Records contained in a dataset

/---

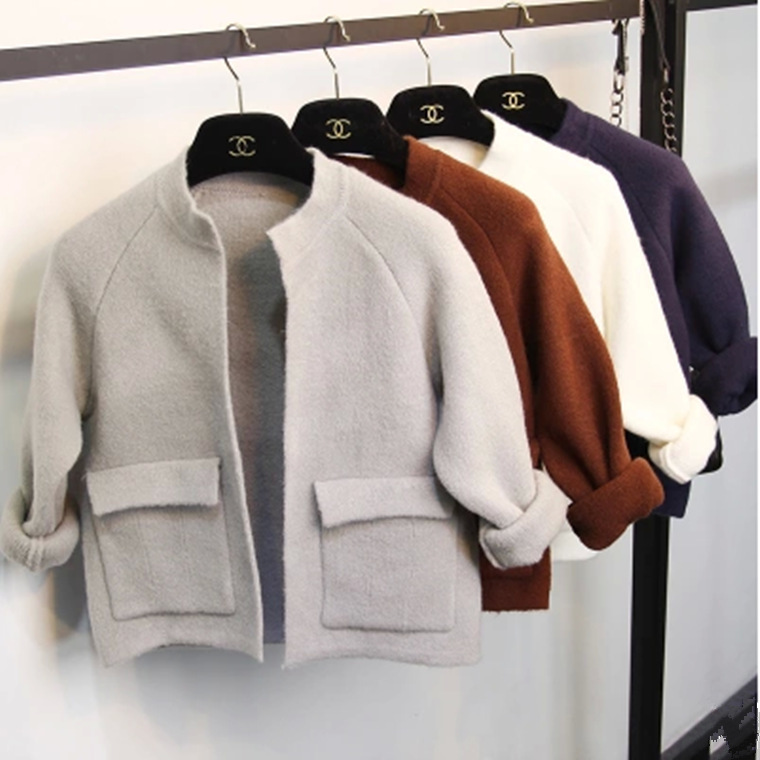 批發(fā)韓國東大門秋冬新款加厚口袋寬松毛衣女式針織開衫短款外套女 /
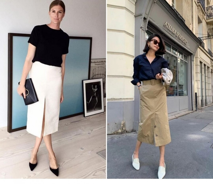 Якщо ставите питання, що носити влітку в офіс, то пряма міді-спідниця – це прекрасний варіант. По суті, це сучасне прочитання спідниці-олівець, тільки в більш “правильній” довжині. Принципова відмінність – в посадці, спідниця-олівець сидить вільніше, а не обтягує (що в спеку було б набагато неприємніше). І ніякої заниженої талії, щоб не було ефекту коротких ніг.
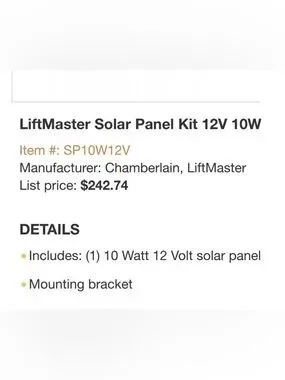 Liftmaster Solar Panel
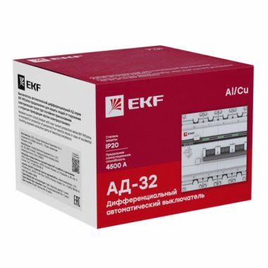 Дифференциальный автоматический выключатель АД-32 EKF PROxima представляет собой аппарат, сочетающий функции автоматического выключателя с устройством защитного отключения. При обнаружении автоматическим выключателем в защищаемом участке сети тока утечки (повреждения) на землю или сверхтока (тока перегрузки или короткого замыкания) происходит срабатывание устройства, приводящее к отключению защищаемой сети. Ассортимент АД-32 дополнен дифавтоматами АД-32 тип А и АД-32 селективными.
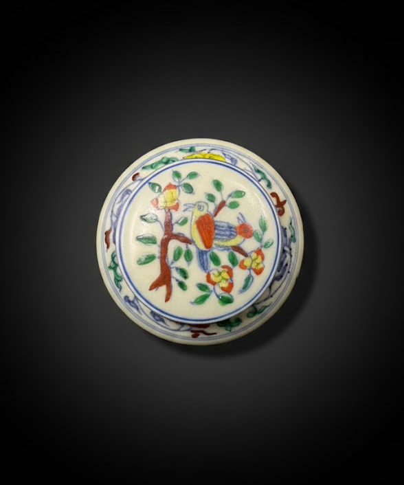 平顶盖面绘有一幅花鸟栖息图,一只灵鸟立于枝头,姿态安然,花叶繁茂。画面构图疏密有致,运用釉下青花勾线与釉上彩绘相结合的技法,色泽柔和而层次分明。红彩浓艳而不俗,黄彩明亮如金,绿彩淡雅清润,展现出成化斗彩独有的鲜丽与温婉。
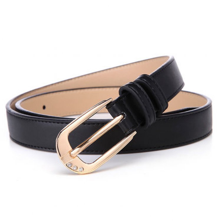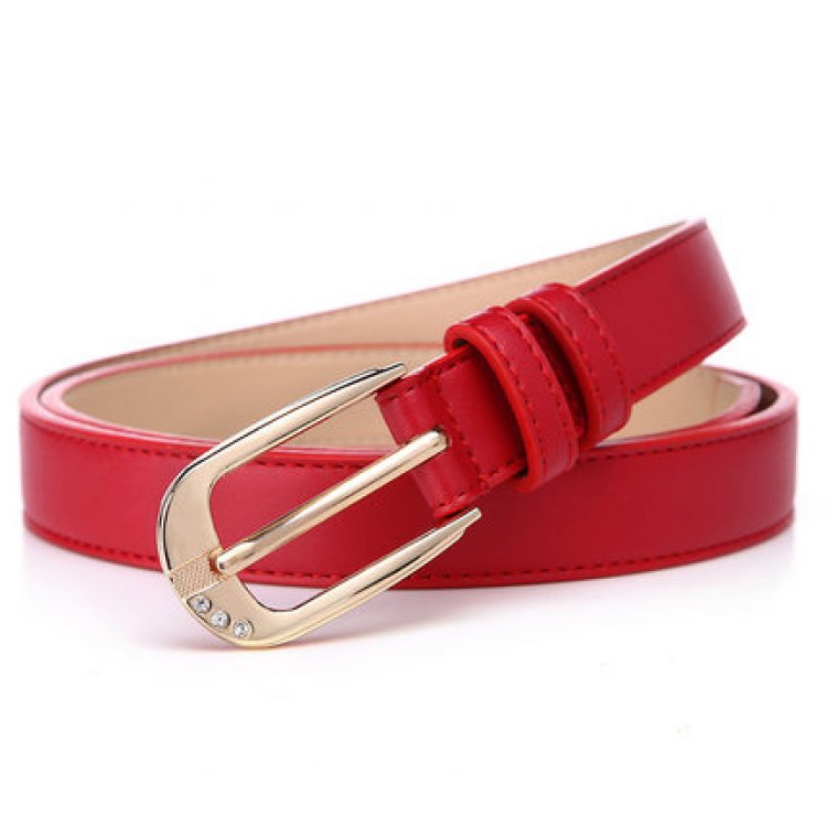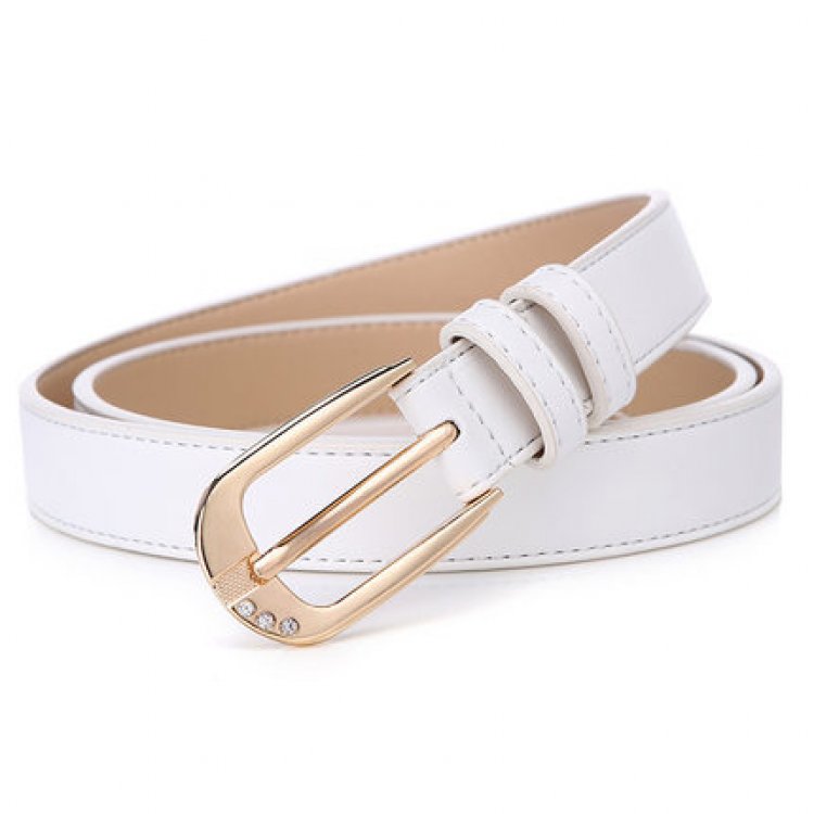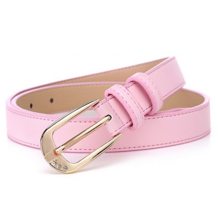 Available in an assortment of alluring colors, this authentic split leather belt features all metal hardware accented with tasteful man-made diamonds.

\---

Problem requirements
Leaving out each picture, repeat exactly the lines above from the one that contains "Якщо ставите питання, що" through the one that contains "Liftmaster Solar Panel".

Expected answer
 Якщо ставите питання, що носити влітку в офіс, то пряма міді-спідниця – це прекрасний варіант. По суті, це сучасне прочитання спідниці-олівець, тільки в більш “правильній” довжині. Принципова відмінність – в посадці, спідниця-олівець сидить вільніше, а не обтягує (що в спеку було б набагато неприємніше). І ніякої заниженої талії, щоб не було ефекту коротких ніг.
 Liftmaster Solar Panel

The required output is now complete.